Records to process ::
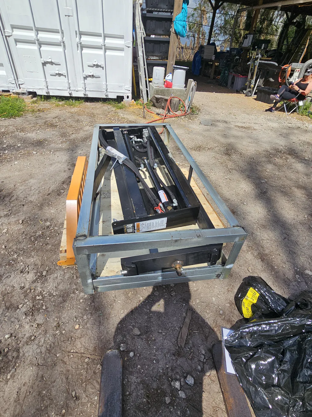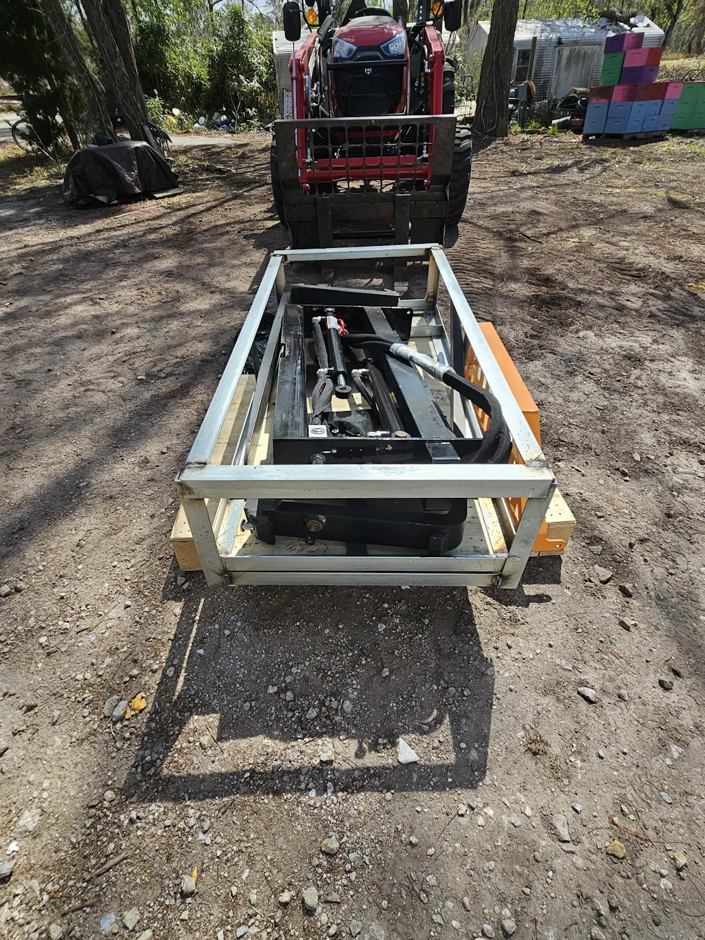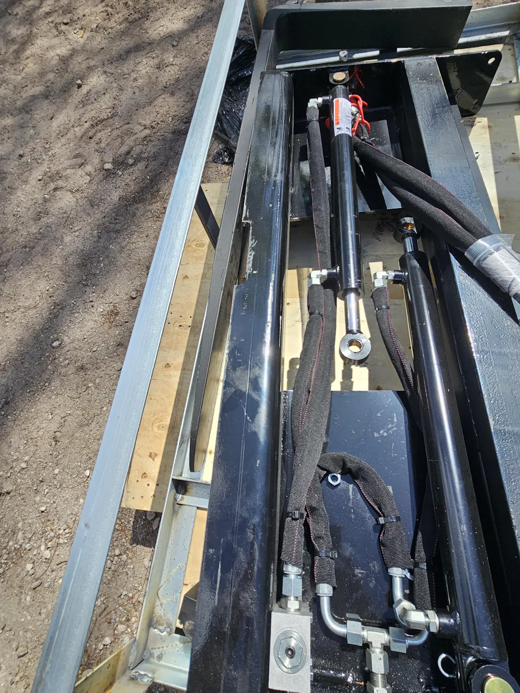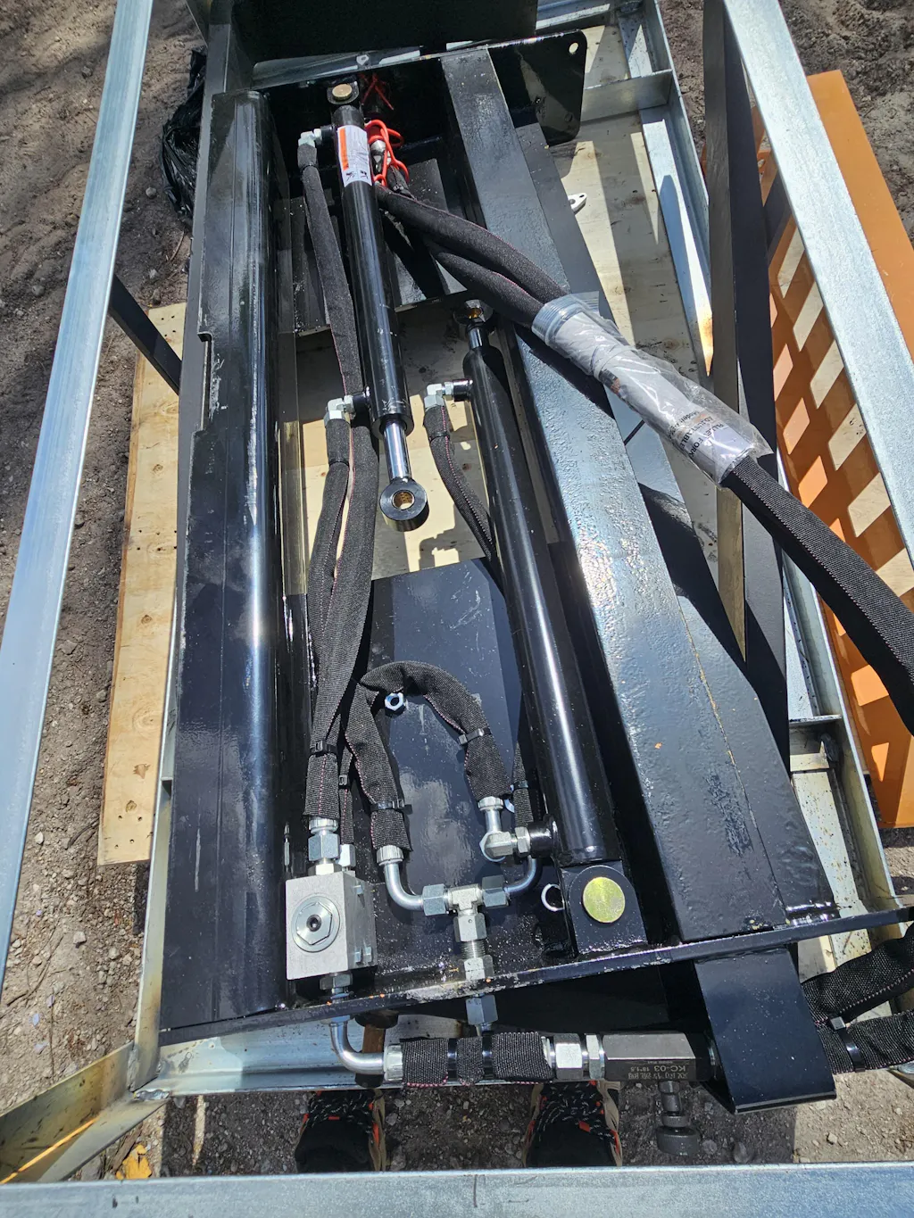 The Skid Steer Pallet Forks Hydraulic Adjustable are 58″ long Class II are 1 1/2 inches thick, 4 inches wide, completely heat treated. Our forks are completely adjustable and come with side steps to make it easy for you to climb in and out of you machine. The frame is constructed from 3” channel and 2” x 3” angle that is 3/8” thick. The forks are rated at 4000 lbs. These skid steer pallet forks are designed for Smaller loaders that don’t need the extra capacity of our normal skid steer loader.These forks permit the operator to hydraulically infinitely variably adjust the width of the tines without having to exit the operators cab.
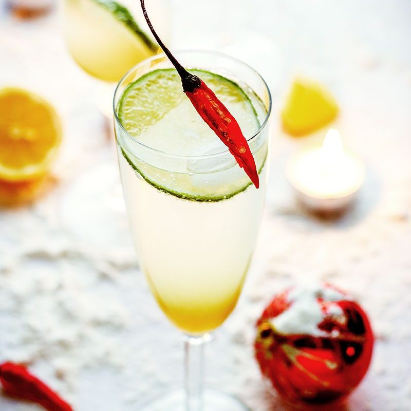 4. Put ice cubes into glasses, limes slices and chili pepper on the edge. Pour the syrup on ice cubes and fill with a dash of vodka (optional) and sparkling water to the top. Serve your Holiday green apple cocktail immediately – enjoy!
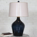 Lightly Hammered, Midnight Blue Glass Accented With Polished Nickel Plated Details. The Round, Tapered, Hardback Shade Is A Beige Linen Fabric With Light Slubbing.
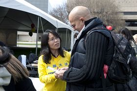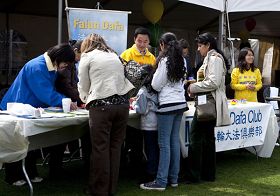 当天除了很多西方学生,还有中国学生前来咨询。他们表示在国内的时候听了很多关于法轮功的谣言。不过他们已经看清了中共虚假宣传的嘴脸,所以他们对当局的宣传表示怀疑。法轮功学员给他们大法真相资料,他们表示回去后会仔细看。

---

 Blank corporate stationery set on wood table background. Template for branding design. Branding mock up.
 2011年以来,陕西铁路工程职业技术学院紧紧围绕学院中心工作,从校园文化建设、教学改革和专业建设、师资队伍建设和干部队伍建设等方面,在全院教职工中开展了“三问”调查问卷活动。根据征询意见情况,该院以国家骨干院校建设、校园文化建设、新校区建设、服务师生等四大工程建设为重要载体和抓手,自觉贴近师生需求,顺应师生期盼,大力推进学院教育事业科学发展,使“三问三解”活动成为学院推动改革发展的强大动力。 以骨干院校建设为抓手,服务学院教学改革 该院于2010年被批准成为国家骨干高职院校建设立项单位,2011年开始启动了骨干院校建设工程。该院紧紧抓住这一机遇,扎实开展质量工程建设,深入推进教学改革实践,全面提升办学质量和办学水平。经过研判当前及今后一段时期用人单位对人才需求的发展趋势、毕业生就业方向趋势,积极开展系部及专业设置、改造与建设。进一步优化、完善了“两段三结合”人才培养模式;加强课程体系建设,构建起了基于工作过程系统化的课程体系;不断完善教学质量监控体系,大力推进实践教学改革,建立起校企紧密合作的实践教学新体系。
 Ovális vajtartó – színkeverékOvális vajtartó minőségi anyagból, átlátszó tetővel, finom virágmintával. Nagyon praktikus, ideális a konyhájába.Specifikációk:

Requirement :: Look above and copy only the lines from the one holding "The Skid Steer" to the one holding "当天除了很多西方学生,还有中", both included, exactly, minus the pictures.

Finished exercise ::
 The Skid Steer Pallet Forks Hydraulic Adjustable are 58″ long Class II are 1 1/2 inches thick, 4 inches wide, completely heat treated. Our forks are completely adjustable and come with side steps to make it easy for you to climb in and out of you machine. The frame is constructed from 3” channel and 2” x 3” angle that is 3/8” thick. The forks are rated at 4000 lbs. These skid steer pallet forks are designed for Smaller loaders that don’t need the extra capacity of our normal skid steer loader.These forks permit the operator to hydraulically infinitely variably adjust the width of the tines without having to exit the operators cab.
 4. Put ice cubes into glasses, limes slices and chili pepper on the edge. Pour the syrup on ice cubes and fill with a dash of vodka (optional) and sparkling water to the top. Serve your Holiday green apple cocktail immediately – enjoy!
 Lightly Hammered, Midnight Blue Glass Accented With Polished Nickel Plated Details. The Round, Tapered, Hardback Shade Is A Beige Linen Fabric With Light Slubbing.
 当天除了很多西方学生,还有中国学生前来咨询。他们表示在国内的时候听了很多关于法轮功的谣言。不过他们已经看清了中共虚假宣传的嘴脸,所以他们对当局的宣传表示怀疑。法轮功学员给他们大法真相资料,他们表示回去后会仔细看。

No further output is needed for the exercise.